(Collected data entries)
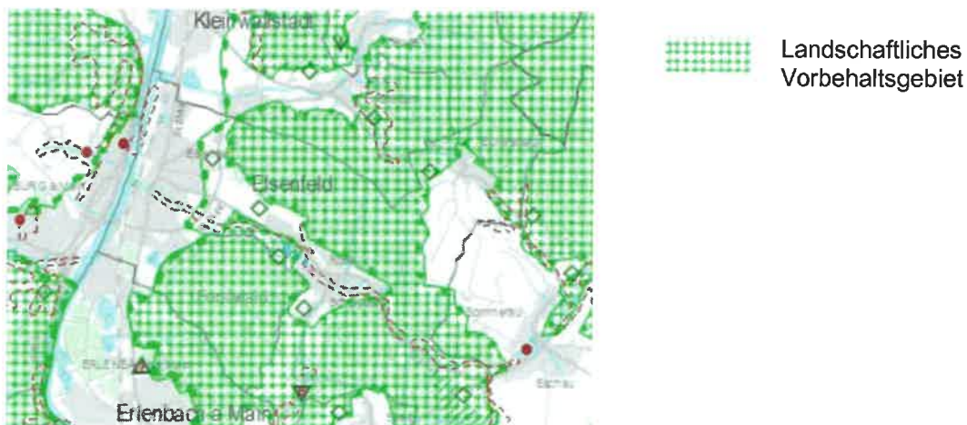
Abb. 2: Ausschnitt des Regionalplans Bayerischer Untermain (1), Karte 3 „Landschaft und Erholung“ Lesefassung für das Internet 24.9.2010

Das Plangebiet selbst ist im rechtsverbindlichen Regionalplan nicht als „Landschaftliches Vorbehaltsgebiet“ ausgewiesen. Mit einer Bebauung wird eine Abrundung des Ortsrandes an dieser Stelle geschaffen.
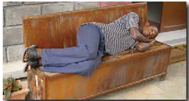
«Οἱ Ἀφρικανοί κουράζονται εὐκολα, λόγῳ τῆς συνεχοῦς καί ἐξουθενωτικῆς ζέστης, ἀλλὰ καί λόγῳ τῆς ἔλλειψης πρωτεϊνῶν...»

Μία ἡμέρα ἐντατικῶν μαθημάτων ἀρχίζει μέ τοὺς τεταρτοετείς φοιτητές νά μέ «βομβαρδίζουν» μέ ἐρωτήσεις καί ἀπορίες τους. Ἀκοῦν, μέ πολὺ ἐνδιαφέρον καί γιά πρώτη φορά, γιά τίς ἀρχαιοπρεπεῖς Λειτουργίες: τῶν Ἀποστολικῶν Διαταγῶν, τοῦ Ἁγίου Μάρκου, τοῦ Ἁγίου Ἰακώβου τοῦ Ἀδελφοθέου, τοῦ Ἁγίου Γρηγορίου τοῦ Θεολόγου κ. ἄ. Συζητοῦμε καί ἄλλα θέματα, εὐρύτερου ἐνδιαφέροντος. Ἐκεῖνο πού παρατηρῶ εἶναι ὅτι οἱ φοιτητές ἔχουν τήν ἐντύπωση ὅτι ἡ Ἑλλάδα εἶναι μιᾶ μεγάλη καί πλούσια χώρα. Διότι σκέπτονται ὅτι γιά νά βοηθᾷ ἡ Ἑλλάδα τήν Ἱεραποστολή στό Κονγκό, ἄρα θά εἶναι πολὺ μεγαλύτερη. Σημειωτέον ὅτι τό Κονγκό εἶναι 17 φορές μεγαλύτερο ἀπό τήν Ἑλλάδα! Τοὺς ἐξηγῶ, λοιπόν, ὅτι ἡ Ἑλλάδα εἶναι μιᾶ μικρὴ χώρα καί ὄχι πολὺ πλούσια. Εἶναι μεγάλη, ὅμως, καί πλούσια, ἐπειδὴ ἔχει μεγάλη ἱστορία. Ἐχει πλούσια γλῶσσα. Εὐηλογήθηκε ἀπὸ τόν Θεό μέ τήν ἐπίσκεψη τοῦ ἀποστόλου Παύλου. Ἐχει πλοῦτο μνημείων, τέχνης, λογοτεχνίας καί παραδόσεως. Οἱ κάτοικοί της εἶναι πλούσιοι γιατί ἔχουν φιλότιμο, εἶναι φιλόξενοι καί γενικά πιστεύουν στόν Θεό καί στήν Ὁρθοδοξία. Μέ ρωτοῦν, ἐπίσης, ποιός εἶναι ὁ λόγος πού ἀπό τήν Ἑλλάδα στέλνεται τόσο μεγάλη βοήθεια στήν Ἱεραποστολή. Καταλαβαίνω ὅτι ἡ ἐρώτηση ὑπονοεῖ κάποια ἐνδεχόμενη σκοπιμότητα πίσω ἀπὸ τήν βοήθεια. Τοὺς
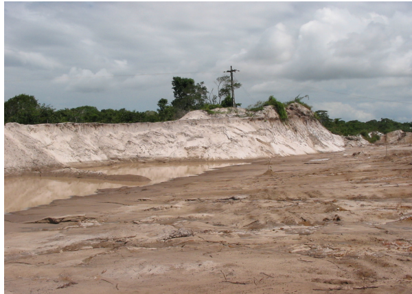
Figura 4 - Área degradada pela retirada de areia – NUPPA/UFPB

Na bacia do Rio Cabelo, o método mineração por escavação, é responsável por cerca de 100 % de toda a areia extraída na região. Evidentemente, as principais conseqüências desse procedimento estão relacionadas com a perda de solo, a erosão do material de decapagem quando estocados de forma inadequada, a erosão da frente da lavra e o abandono de grandes cavas ao término da atividade, impedindo o uso futuro do solo e gerando criadouros de causadores de doenças e incômodos à população (Vale Verde – Associação de Defesa do Meio Ambiente, 2004).
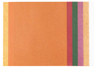
左から、カキ・ワイン・オリーブ・プラム・ブラウン・白
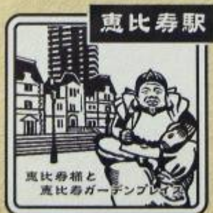
えびす 西口 みどりの窓口前
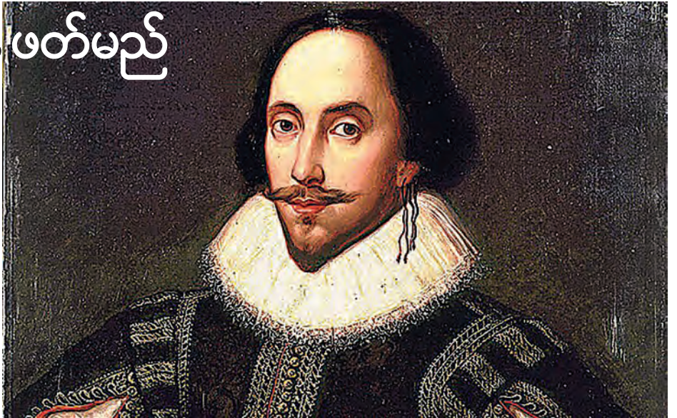
ဗြဟ္မစာရေးဆရာကြီး ဝီလျံရှိုက်စပီးယား

လန်ဒန် မတ် ၂ ရက်က ဗြိတိသျှ ဗြဟ္မစာရေးဆရာ ဝီလျံရှိုက်စပီးယား၏ ဇာတိမြေရှိ အုတ်ဂူကို စကန်ဖတ်ထားသော အချက်အလက် တွေ့ရှိချက်များနှင့် ပတ်သက်ပြီးလာမည့်သီတင်းပတ် အတွင်းကျင်းပမည့် ၎င်းကွယ်လွန်ပြီး နှစ် ၄၀၀ပြည့်အခမ်းအနား၌ ဖော်ထုတ်ပြသသွားမည်ဖြစ်ကြောင်း သိရသည်။ ကဗျာစာဆိုတစ်ဦးကွယ်လွန်ခြင်း နှစ် ၄၀၀ ပြည့်အခမ်းအနား၏ကဏ္ဍတစ်ခုအဖြစ် စထရက်ဖို့ဒ်ရှိ ဟိုလီထရိုက်တီ ဘုရားရှိခိုးကျောင်း၌ တွားရိုသော အုတ်ဂူကို ဖွင့်ဖောက်ပြီး ကိုယ်ခန္ဓာအစိတ်အပိုင်းများနှင့် ဆက်စပ်ပစ္စည်းများကို စကန်ဖတ်မည်ဖြစ်သည်။ ရိုက်စပီးယား၏ မိသားစုဝင်များ၊ ၎င်း၏ဇနီးအပါအဝင် ကလေးများ၏ ရုပ်အလောင်းများကိုလည်း ၎င်းနှင့်ယှဉ်၍မြှုပ်နှံထားခြင်း ဖြစ်နိုင်ကြောင်း ယူဆရသည်။ အုတ်ဂူပျက်စီးမှုမဖြစ်ပေါ်စေရန် တူးဖော်ခြင်း လုပ်ငန်းများကို ခေတ်မီနည်းပညာအသုံးပြုထားကြောင်း သိရသည်။ ရိုက်စပီးယားကွယ်လွန်ခဲ့သည့် ၁၆၁၆ ခုနှစ် ဧပြီလကတည်းက ၎င်း၏အုတ်ဂူကို တစ်ကြိမ်တစ်ခါ မျှ တူးဖော်ခြင်းမပြုကြောင်း ဒေသမီဒီယာများက ပြောသည်။ လန်ဒန်ရှိ စထရက်ဖို့ဒ် နှစ်ပတ်လည်အခမ်းအနား ကျင်းပစဉ်အတောအတွင်း တူးဖော်တွေ့ရှိမှုများ စာတမ်းဖတ်ပွဲများ၊ ညီလာခံများအပါအဝင် ဖျော်ဖြေတင်ဆက်မှု အမြောက်အမြားကိုလည်း ကျင်းပသွားမည်ဖြစ်သည်။ စထရက်ဖို့ဒ်ရှိ ရိုက်စပီးယား၏နေအိမ်မှ ရှာဖွေတွေ့ရှိချက်များကို မကြာခင် ပုံနှိပ်ထုတ်ဝေသွားမည်ဖြစ်ပြီး ဇူလိုင်လတွင် ၎င်း၏အိမ်ကို ပြန်လည်ဖွင့်လှစ်သွားမည်ဖြစ်သည်။ (ဆင်ဟွာ)
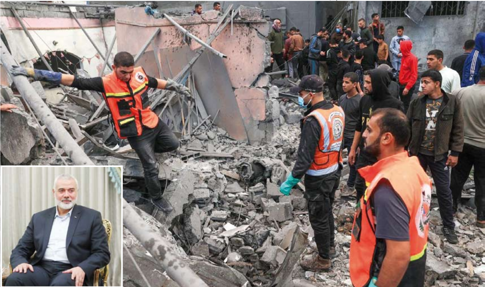
البحث عن شهداء أو ناجين وفي الكادر إسماعيل هنية رئيس المكتب السياسي لحركة «حماس»

قال إسماعيل هنية رئيس المكتب السياسي لحركة «حماس»، إن الحركة منفتحة على مناقشة أي مبادرات تقضي لوقف الحرب على قطاع غزة، وفق وكالة «أنباء العالم العربي». وأضاف هنية في كلمة متلفزة: «منفتحون على نقاش أي أفكار أو مبادرات تقضي لوقف العدوان، ونفتتح الباب على ترتيب البيت الفلسطيني على مستوى الضفة وقطاع غزة». وحذر زعيم «حماس» من أن «أي رهان على ترتيبات في غزة أو في القضية الفلسطينية
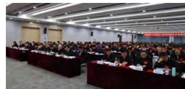
职工代表听取并审议《工作报告》
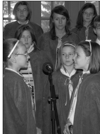
A Református Kollégium megemlékező műsora
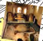
Musée archéologique Saint-Laurent GRENOBLE
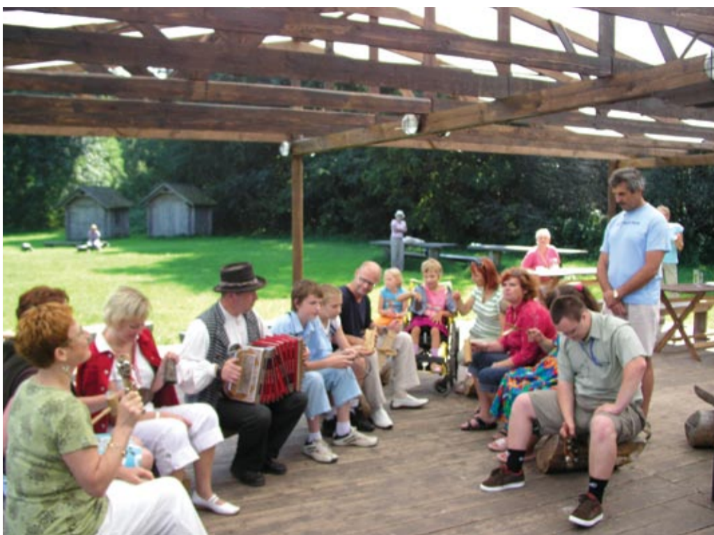
Soome-eesti ühisansambli osalesid nii suured kui väikesed.
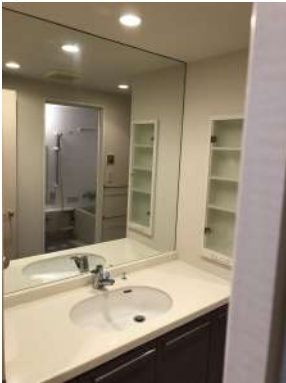
[専用部・室内写真][洗面化粧台]
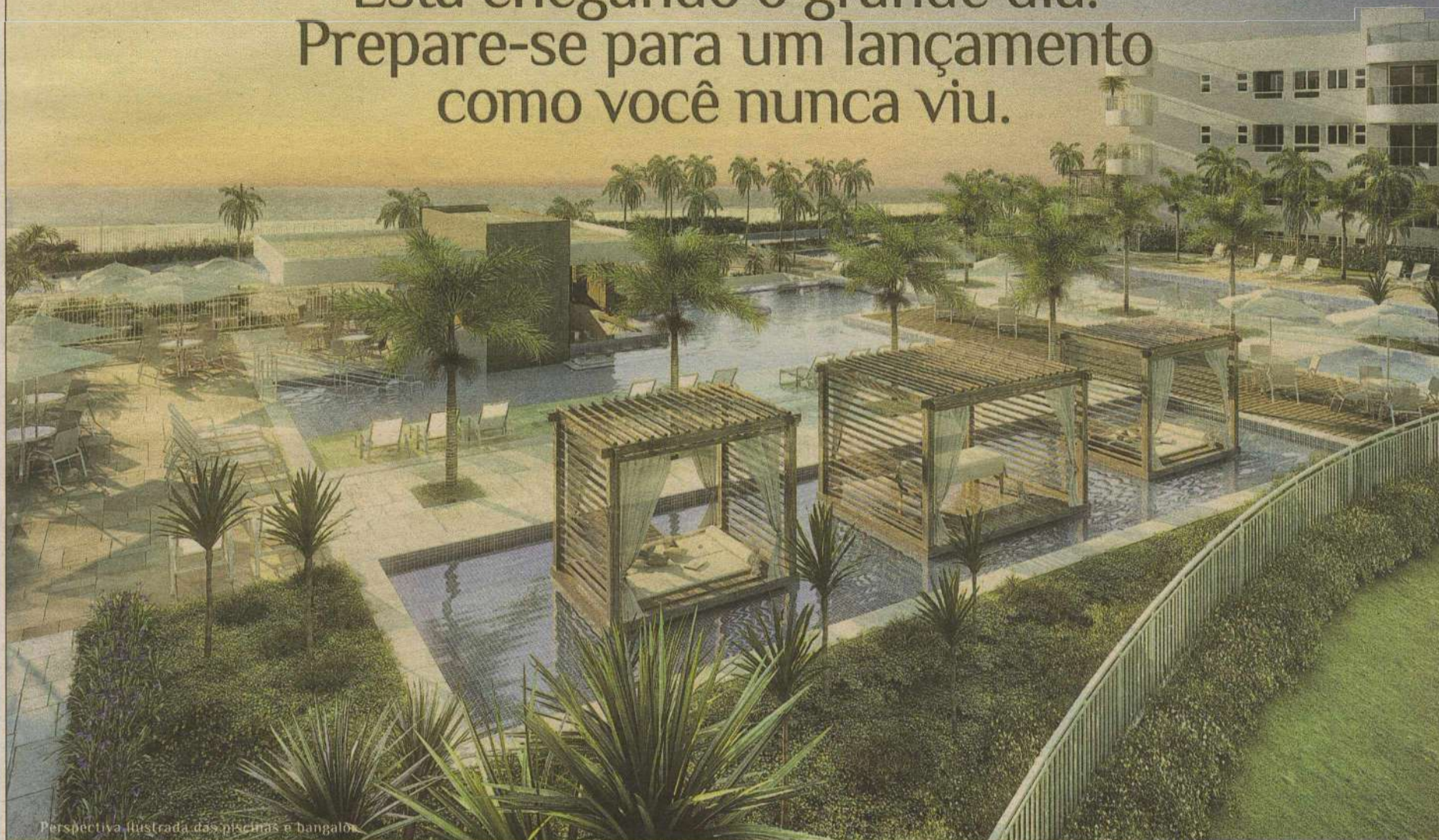
Perspectiva ilustrada das piscinas e bangalôs

Está chegando o grande dia. Prepare-se para um lançamento como você nunca viu.
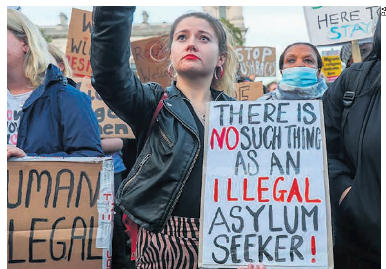
Des manifestants pour l'accueil des demandeurs d'asile à Londres : « un demandeur d'asile clandestin, ça n'existe pas ! ».
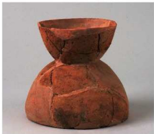
1 第3号性格不明遺構 (第388図4)
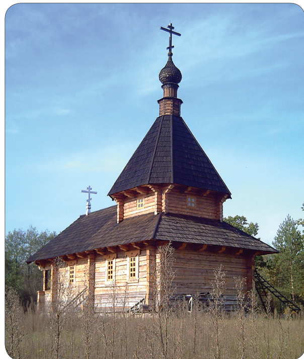
Часоўня князёў Барыса і Глеба
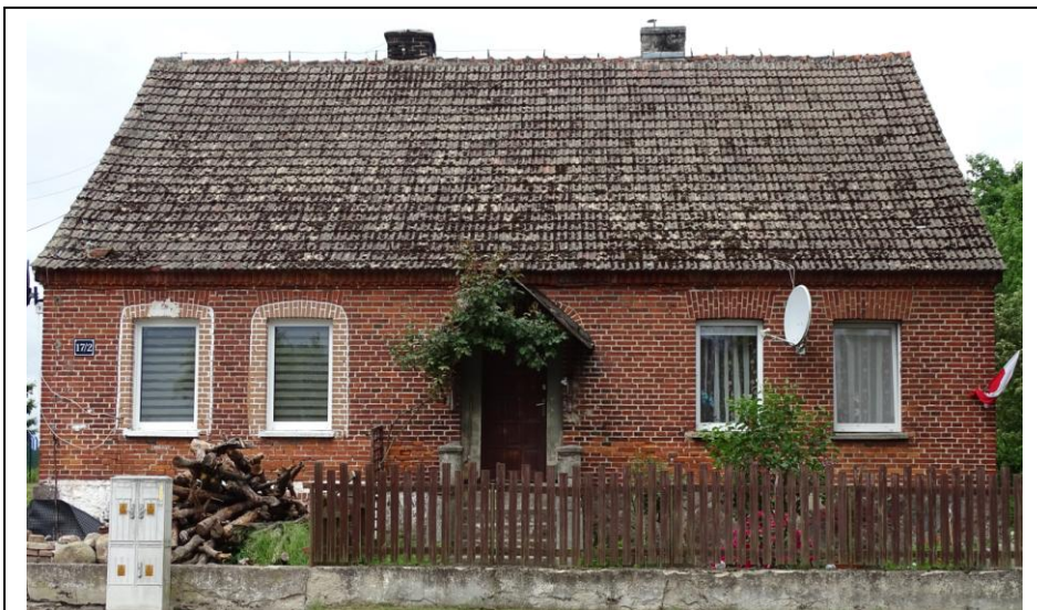
Elewacja frontowa - wschodnia

Dom mieszkalny w typie niewielkiej chałupy, w obrębie trzybudynekowej zagrody. Budynek założony na planie prostokąta, parterowy, podpiwniczony, nakryty dachem dwuspadowym, z częściowo mieszkalnym poddaszem. Elewacje zachowały pierwotną, regularną kompozycję, akcentowane gzymsami ząbkowymi i kostkowymi oraz nadprożami okiennymi. Fasada 5-osiowa, lustrzanie symetryczna. Stolarka współczesna, ale osadzona w pierwotnych otworach.
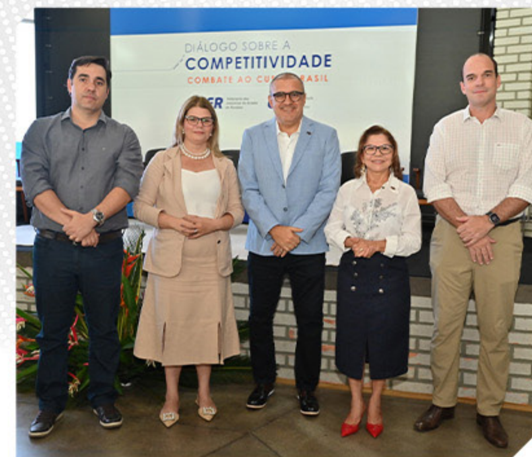
EVENTO "DIÁLOGOS SOBRE A COMPETITIVIDADE – COMBATE AO CUSTO BRASIL"

What the task requires: Please extract exactly the lines of the data, from the first through the line containing "κουράζονται εὐκολα, λόγῳ", and add no pictures to the copy.

Expected output:
Abb. 2: Ausschnitt des Regionalplans Bayerischer Untermain (1), Karte 3 „Landschaft und Erholung“ Lesefassung für das Internet 24.9.2010

Das Plangebiet selbst ist im rechtsverbindlichen Regionalplan nicht als „Landschaftliches Vorbehaltsgebiet“ ausgewiesen. Mit einer Bebauung wird eine Abrundung des Ortsrandes an dieser Stelle geschaffen.
«Οἱ Ἀφρικανοί κουράζονται εὐκολα, λόγῳ τῆς συνεχοῦς καί ἐξουθενωτικῆς ζέστης, ἀλλὰ καί λόγῳ τῆς ἔλλειψης πρωτεϊνῶν...»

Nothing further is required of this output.